Are there vitamins that can increase fertility?

We know that eating right and taking a quality prenatal vitamin during pregnancy is important, but can vitamins increase your fertility and help you conceive? See more pregnancy pictures.

We know that vitamins are essential for keeping our bodies working properly -- they help regulate the body's functions and keep everything operating smoothly -- so it seems logical that they would play a role in one of the body's most complicated processes: reproduction. But can taking certain vitamins actually increase the chances of getting pregnant and having a successful birth? In other words, can they increase fertility?

While most studies on the link between vitamins and fertility are inconclusive, some findings do suggest a connection between getting healthy amounts of certain vitamins and the ability to conceive.

One of the vitamins most commonly linked to fertility is vitamin C. Vitamin C is sometimes recommended for women trying to conceive because it can increase the level of the hormone progesterone. Progesterone does several things: It helps regulate the menstrual cycle, it can help thicken the lining of the uterus and it can reduce anxiety [source: Covington]. Synthetic progesterone -- progestin -- is often given to women who are having difficulty conceiving or carrying a baby to term. Some naturally good sources of vitamin C include citrus fruits, broccoli and green peppers.

Like vitamin C, B vitamins have also been linked to raising progesterone levels and regulating the menstrual cycle.

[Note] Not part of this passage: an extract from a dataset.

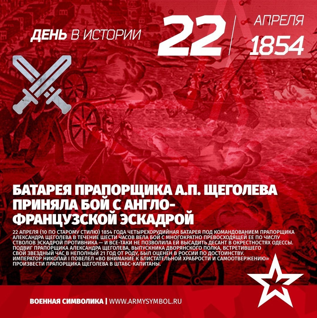 Батарея прапорщика А.П. Щеголева приняла бой с англо-французской эскадрой 22 апреля (10 по старому стилю) 1854 года четырехорудийная батарея под командованием прапорщика Александра Щеголева в течение шести часов вела бой с многократно превосходящей ее по числу стволов эскадрой противника — и все-таки не позволила ей высадить десант в окрестностях Одессы. Подвиг прапорщика Александра Щеголева, выпускника Дворянского полка, встретившего свой звездный час в неполный 21 год от роду, был оценен в России по достоинству. Император Николай I повелел «во внимание к блистательной храбрости и самоотвержению» произвести прапорщика Щеголева в штабс-капитаны. #ПамятныеДатыВоеннойИсторииОтечества #ДеньВИстории #ГодЗащитникаОтечества #80ЛетВеликойПобеды Источник: https://vk.com/wall-60767131_30454 Подпишитесь на наши группы ВКонтакте и в Одноклассниках - читайте, смотрите и комментируйте! Источник

One particular B vitamin, folic acid, or vitamin B9, is frequently recommended for women who are pregnant or planning to become pregnant. Folic acid helps ensure that a baby's spinal cord develops properly and can reduce the risk of certain birth defects. This important vitamin is something you'll find in most prenatal vitamins, and it can be found naturally in fruits, beans and leafy vegetables.

Some studies have also found links between insufficient levels of vitamin D and infertility. The good news is that vitamin D is easy to come by in dairy products or by simply spending some time in the sun -- exposure to sunlight causes the body to manufacture vitamin D.

As we know, making a baby takes a contribution from both a woman (an egg) and a man (sperm), so the ability to produce a baby can depend on the fertility and health of both the man and the woman. Not sure what vitamins you need to improve fertility? Try a multivitamin.